Finally, we contextualize our data set by plotting the weather stations on an interactive map.
library(leaflet)
library(leafpop)
library(htmltools)
# plot
df_result %>% leaflet() %>% addTiles() %>%
addCircleMarkers(data = df_result, radius = 5,
stroke = FALSE, fillOpacity = 0.5,
popup = popupTable(df_result, zcol = 2:9)
)
For the purpose of later usage we caste the spatial data sets to
Spatial objects and save them to disk.
library(sf)
library(geodata)
library(dplyr)
# Bundesländer Deutschlands mit geodata laden (Level 1 = Bundesländer)
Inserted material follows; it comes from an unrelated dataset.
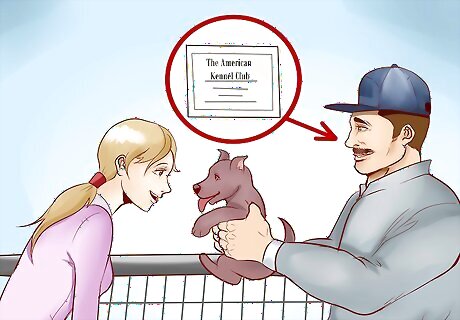 Contact breeders. Many good guard dogs are brought up within the family from a young age. This allows them to bond with their families so that they can protect them later in life. If you have identified a specific breed that you want, see if there are any local breeders. Contact them, and ask if they will have any litters of puppies available for adoption soon. Puppies bought at puppy stores are often sourced from puppy mills. You should look for a responsible breeder who has certifications and recommendations from a recognized kennel club.

germany <- geodata::gadm(country = "DEU", level = 1, path = tempdir())
# In sf-Objekt umwandeln
germany_sf <- st_as_sf(germany)
# In UTM Zone 33N transformieren (EPSG: 32633)
germany_sf <- st_transform(germany_sf, 32633)
# Auswahl der ostdeutschen Bundesländer
states <- c(
"Sachsen", "Sachsen-Anhalt",
"Mecklenburg-Vorpommern", "Brandenburg",
"Thüringen", "Berlin"
)
east_germany_states <- germany_sf[germany_sf$NAME_1 %in% states, ]
# Ostdeutschland als eine Fläche zusammenfassen
east_germany <- east_germany_states %>%
group_by(COUNTRY) %>%
summarize()
# Datensatz mit Wetterstationen als sf-Objekt erzeugen (Koordinaten-Spalten: Lon, Lat)
dwd_east_sf <- st_as_sf(df_result, coords = c("Lon", "Lat"), crs = 4326)
# In UTM Zone 33N transformieren
dwd_east_sf <- st_transform(dwd_east_sf, 32633)
# sf-Objekte in sp-Objekte konvertieren (für alte Kompatibilität)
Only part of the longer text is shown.